COLUMBIA, S.C. — Just like the 12 other elections this century, it was a good night for Republicans in South Carolina.
The GOP continues to gain seats almost 25 years after taking control of nearly the entire state government. On Tuesday, they did not lose a single incumbent and likely added four Senate seats to have a 34-12 advantage in the chamber. Democrats had a 14-seat lead back in 1992.
It's the first time Republicans will have a two-thirds supermajority in the Senate, which assures they can end filibusters with ease. In the House, Republicans held firm with 87 seats in a 124-member chamber with two vacancies. The combination means Republicans can put constitutional amendment on ballots without a single Democratic vote.

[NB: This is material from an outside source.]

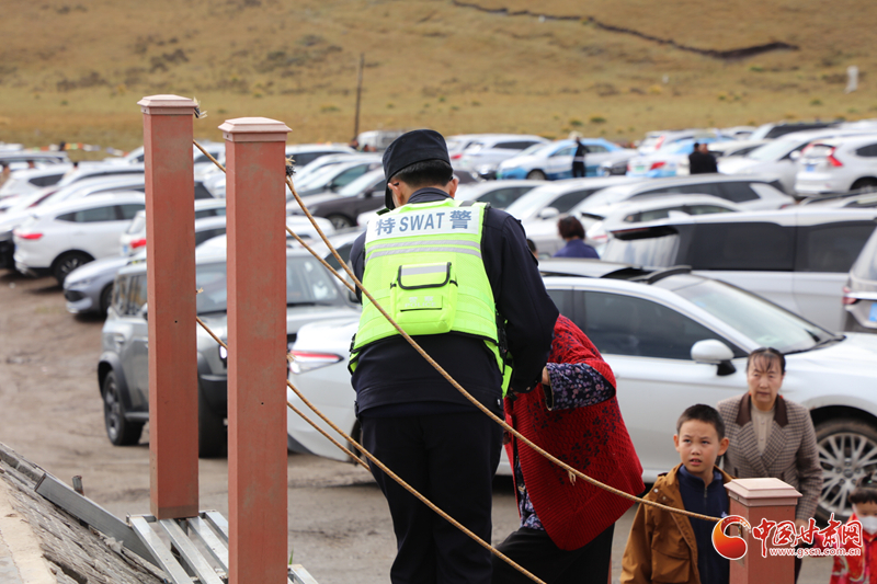 “十一”期間,記者來到天祝,在一個(gè)個(gè)景點(diǎn),隨處可見“藏藍(lán)”的身影,他們或駐守在景區(qū)臨時(shí)停車場(chǎng),或穿行在景區(qū)人潮深處,熱情服務(wù)游客,繪就秋日最美畫卷……

The Associated Press has not declared a winner in two of the seats Republicans said they flipped because they have margins under the 1% of the vote that triggers a mandatory recount, including one race with a 32-vote margin in unofficial totals and provisional ballots left to argue over and count. But with modern voting machines, recounts almost never change a result in South Carolina.
''South Carolina sent us 34 Republican senators. We owe it to them to use them,'' Republican Senate Majority Leader Shane Massey said Wednesday.
Exactly what that means will have to wait until he gathers the 34 members for a caucus meeting later this month, Massey said. More loosening of gun laws is a long-desired conservative goal, and for some another is a total ban on abortion instead of the state's current law making abortions illegal after cardiac activity is detected about six weeks into a pregnancy.
''Life is a personal issue. Like many things, I'm going to have to find out where my new members are,'' Massey said.
And there are a lot of them. In an institution where senators often stay for decades, there will be 13 new members in 2025. Nine of them are Republicans.